Problem to work on: The records below are to be repeated exactly, minus any pictures.

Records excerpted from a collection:
——

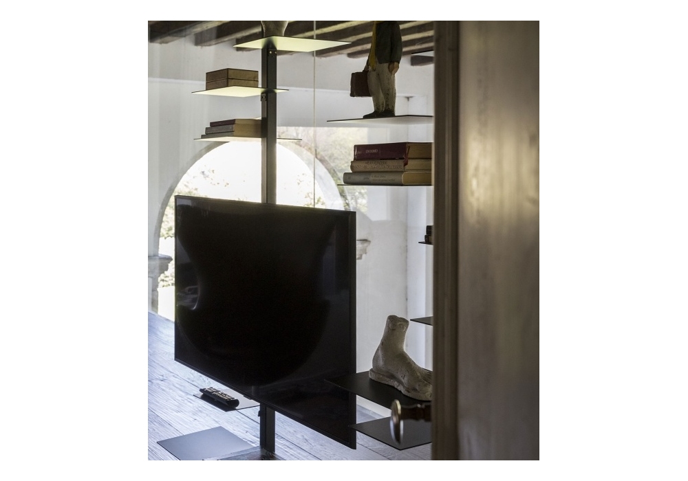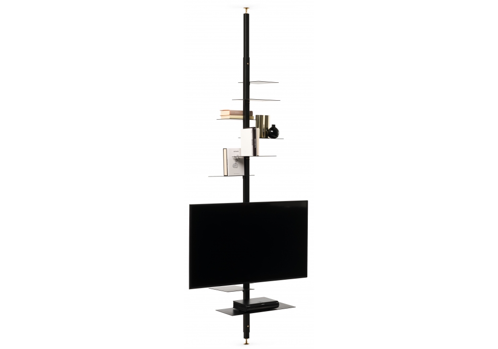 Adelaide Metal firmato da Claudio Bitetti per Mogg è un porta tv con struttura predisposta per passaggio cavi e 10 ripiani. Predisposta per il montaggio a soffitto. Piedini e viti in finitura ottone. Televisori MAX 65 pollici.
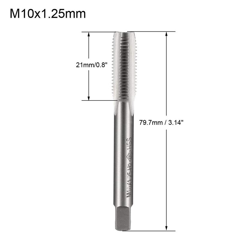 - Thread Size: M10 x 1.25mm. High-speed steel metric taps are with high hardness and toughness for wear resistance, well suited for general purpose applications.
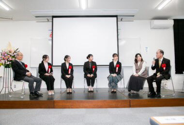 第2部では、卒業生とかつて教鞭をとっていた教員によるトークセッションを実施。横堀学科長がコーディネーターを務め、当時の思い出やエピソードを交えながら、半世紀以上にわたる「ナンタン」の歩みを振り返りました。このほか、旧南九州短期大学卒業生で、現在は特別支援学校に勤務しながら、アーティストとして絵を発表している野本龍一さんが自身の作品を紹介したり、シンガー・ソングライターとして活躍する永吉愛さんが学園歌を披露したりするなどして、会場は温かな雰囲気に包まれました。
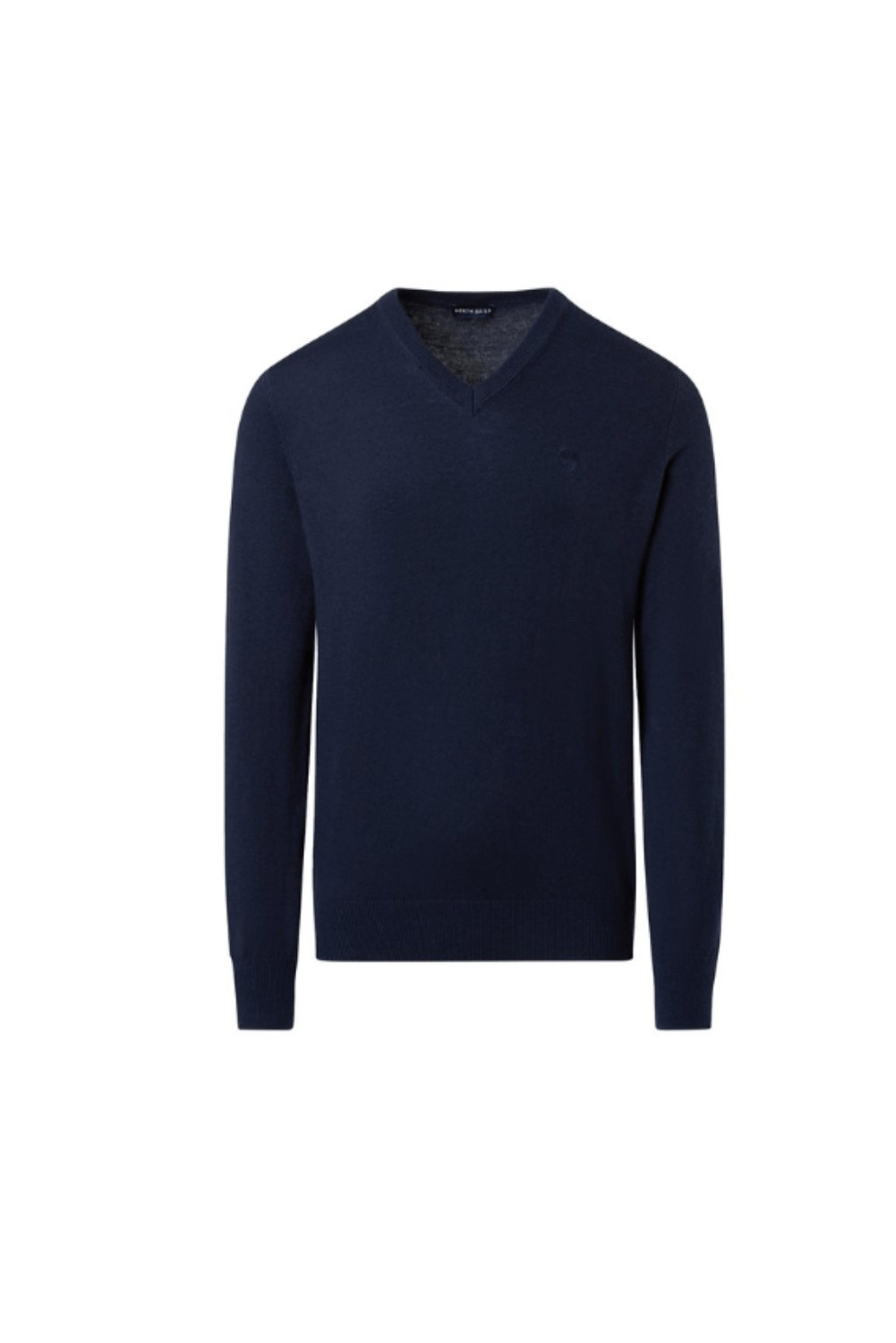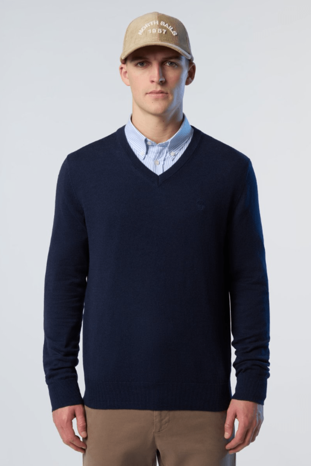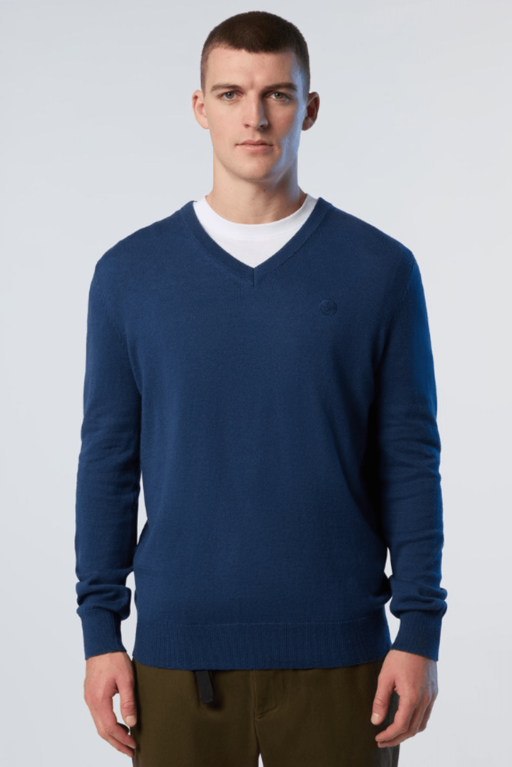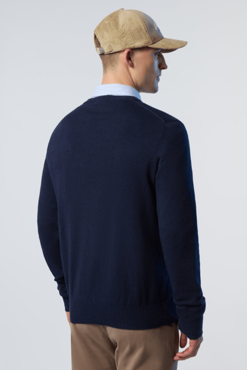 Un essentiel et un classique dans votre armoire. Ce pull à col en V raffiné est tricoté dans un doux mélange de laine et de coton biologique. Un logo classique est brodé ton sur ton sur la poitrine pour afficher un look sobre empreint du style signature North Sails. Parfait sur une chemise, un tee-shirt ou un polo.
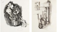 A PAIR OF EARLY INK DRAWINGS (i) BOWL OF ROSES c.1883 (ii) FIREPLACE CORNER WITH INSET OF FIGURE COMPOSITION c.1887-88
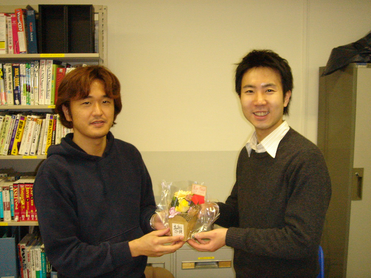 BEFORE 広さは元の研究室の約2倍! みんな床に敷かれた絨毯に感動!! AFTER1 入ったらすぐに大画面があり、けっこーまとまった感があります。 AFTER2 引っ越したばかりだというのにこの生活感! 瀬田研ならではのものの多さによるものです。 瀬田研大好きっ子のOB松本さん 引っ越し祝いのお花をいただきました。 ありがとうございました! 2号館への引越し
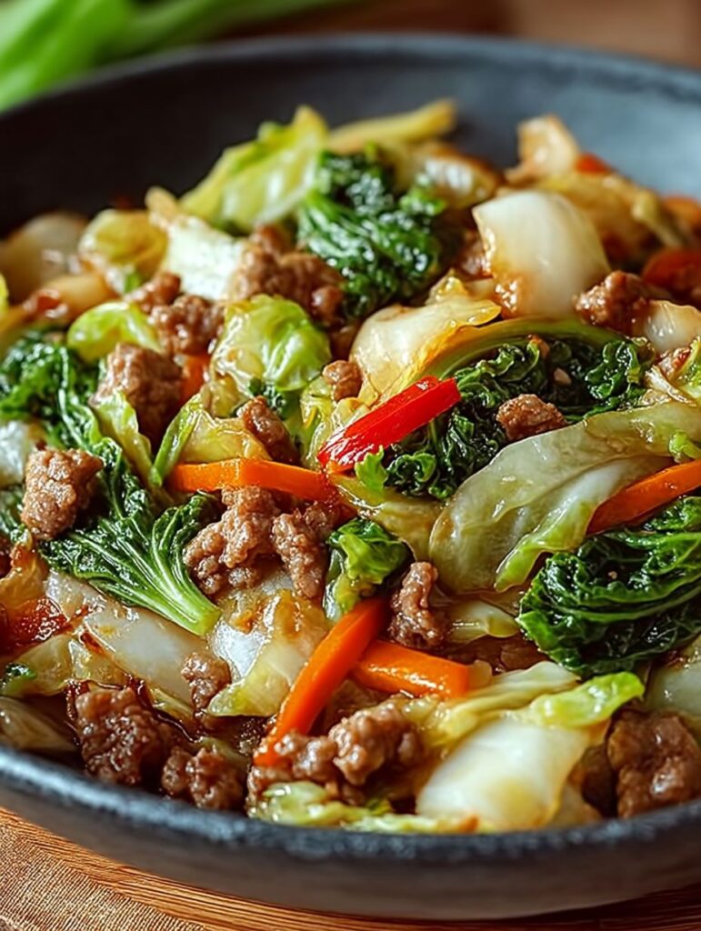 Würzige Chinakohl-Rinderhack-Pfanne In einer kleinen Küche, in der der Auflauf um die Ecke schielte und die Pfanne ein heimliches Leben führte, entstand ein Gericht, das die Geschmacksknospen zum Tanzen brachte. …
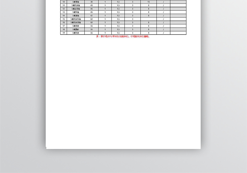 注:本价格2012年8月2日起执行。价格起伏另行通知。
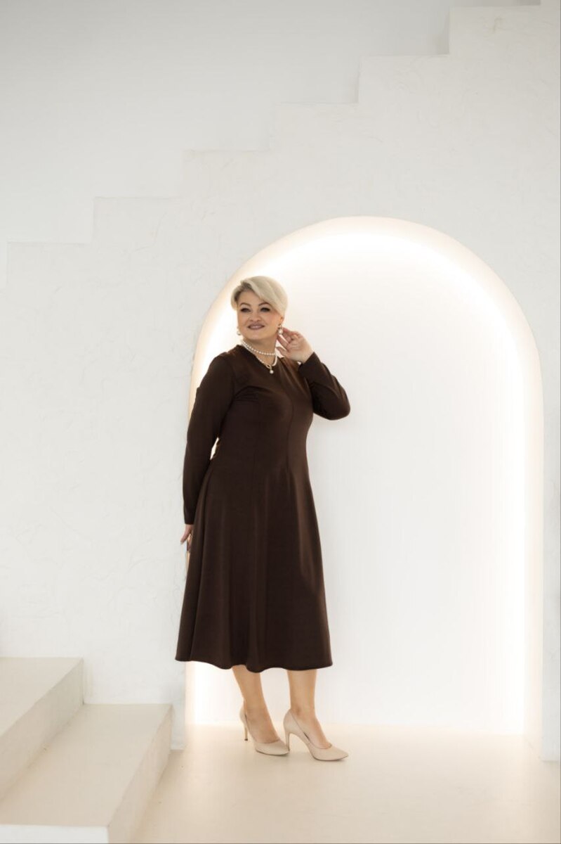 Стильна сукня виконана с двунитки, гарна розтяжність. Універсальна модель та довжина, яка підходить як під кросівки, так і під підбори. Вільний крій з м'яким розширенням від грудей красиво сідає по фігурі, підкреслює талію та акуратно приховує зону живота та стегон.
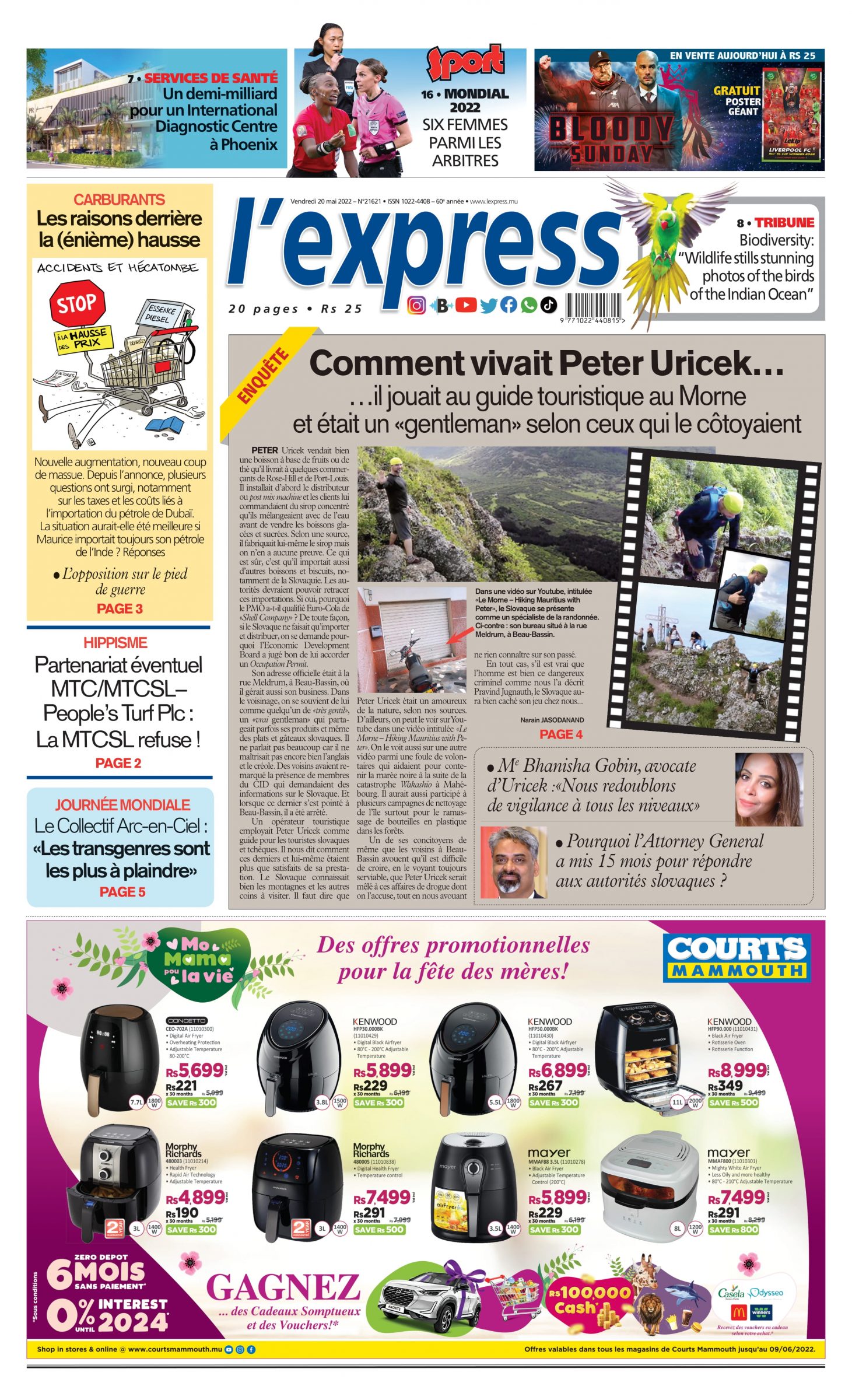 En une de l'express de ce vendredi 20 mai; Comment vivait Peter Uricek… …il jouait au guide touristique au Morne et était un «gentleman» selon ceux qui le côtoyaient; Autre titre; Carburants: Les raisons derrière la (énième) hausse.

——

Task output:
 Adelaide Metal firmato da Claudio Bitetti per Mogg è un porta tv con struttura predisposta per passaggio cavi e 10 ripiani. Predisposta per il montaggio a soffitto. Piedini e viti in finitura ottone. Televisori MAX 65 pollici.
 - Thread Size: M10 x 1.25mm. High-speed steel metric taps are with high hardness and toughness for wear resistance, well suited for general purpose applications.
 第2部では、卒業生とかつて教鞭をとっていた教員によるトークセッションを実施。横堀学科長がコーディネーターを務め、当時の思い出やエピソードを交えながら、半世紀以上にわたる「ナンタン」の歩みを振り返りました。このほか、旧南九州短期大学卒業生で、現在は特別支援学校に勤務しながら、アーティストとして絵を発表している野本龍一さんが自身の作品を紹介したり、シンガー・ソングライターとして活躍する永吉愛さんが学園歌を披露したりするなどして、会場は温かな雰囲気に包まれました。
 Un essentiel et un classique dans votre armoire. Ce pull à col en V raffiné est tricoté dans un doux mélange de laine et de coton biologique. Un logo classique est brodé ton sur ton sur la poitrine pour afficher un look sobre empreint du style signature North Sails. Parfait sur une chemise, un tee-shirt ou un polo.
 A PAIR OF EARLY INK DRAWINGS (i) BOWL OF ROSES c.1883 (ii) FIREPLACE CORNER WITH INSET OF FIGURE COMPOSITION c.1887-88
 BEFORE 広さは元の研究室の約2倍! みんな床に敷かれた絨毯に感動!! AFTER1 入ったらすぐに大画面があり、けっこーまとまった感があります。 AFTER2 引っ越したばかりだというのにこの生活感! 瀬田研ならではのものの多さによるものです。 瀬田研大好きっ子のOB松本さん 引っ越し祝いのお花をいただきました。 ありがとうございました! 2号館への引越し
 Würzige Chinakohl-Rinderhack-Pfanne In einer kleinen Küche, in der der Auflauf um die Ecke schielte und die Pfanne ein heimliches Leben führte, entstand ein Gericht, das die Geschmacksknospen zum Tanzen brachte. …
 注:本价格2012年8月2日起执行。价格起伏另行通知。
 Стильна сукня виконана с двунитки, гарна розтяжність. Універсальна модель та довжина, яка підходить як під кросівки, так і під підбори. Вільний крій з м'яким розширенням від грудей красиво сідає по фігурі, підкреслює талію та акуратно приховує зону живота та стегон.
 En une de l'express de ce vendredi 20 mai; Comment vivait Peter Uricek… …il jouait au guide touristique au Morne et était un «gentleman» selon ceux qui le côtoyaient; Autre titre; Carburants: Les raisons derrière la (énième) hausse.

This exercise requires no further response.